Юрий Левин — типичный птенец гнезда Ходорковского. В Нефтеюганск попал по распределению в 1983 году-, тогда за место здесь, на передовой нефтяной отрасли, студенты дрались. Начинал простым оператором, но во второй половине девяностых резко пошел вверх по служебной лестнице, поскольку отвечал всем четырем требованиям ЮКОСа к персоналу: молодой, перспективный, злой, талантливый. После стажировки в Москве его вернули сюда в 2001 году уже в качестве заместителя гендиректора. Левин считает, что Ходорковский создал великолепную систему мобильного менеджмента, способную решить любую задачу в любом месте и на любом производстве.

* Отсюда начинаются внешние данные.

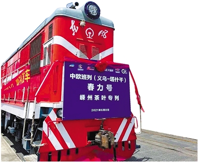 2021年6月,满载着100个标箱茶叶及茶系列产品的X9216次“春力号”嵊州茶叶专列,从义乌西站鸣笛启程,驶往乌兹别克斯坦首都塔什干,标志着长三角首趟茶叶专列成功开行。该趟茶叶专列由春力茶业定制,吹响了珠茶生产企业积极突围的号角。

— Но в последнее время мне приходится работать не менеджером, а клерком, только успеваю на запросы отвечать. — Юрий Алексеевич включил проектор, на экране высветился график под названием «Динамика запросов со стороны внешних организаций в ОАО «ЮНГ». Если в январе их было 36, то в октябре — 101. Большинство из них — от органов природопользования, на втором месте — Министерство по налогам и сборам, затем МВД и органы прокуратуры. — Иногда складывается ощущение, что мы — какая-то Атлантида, которую только что открыли и теперь все нами интересуются.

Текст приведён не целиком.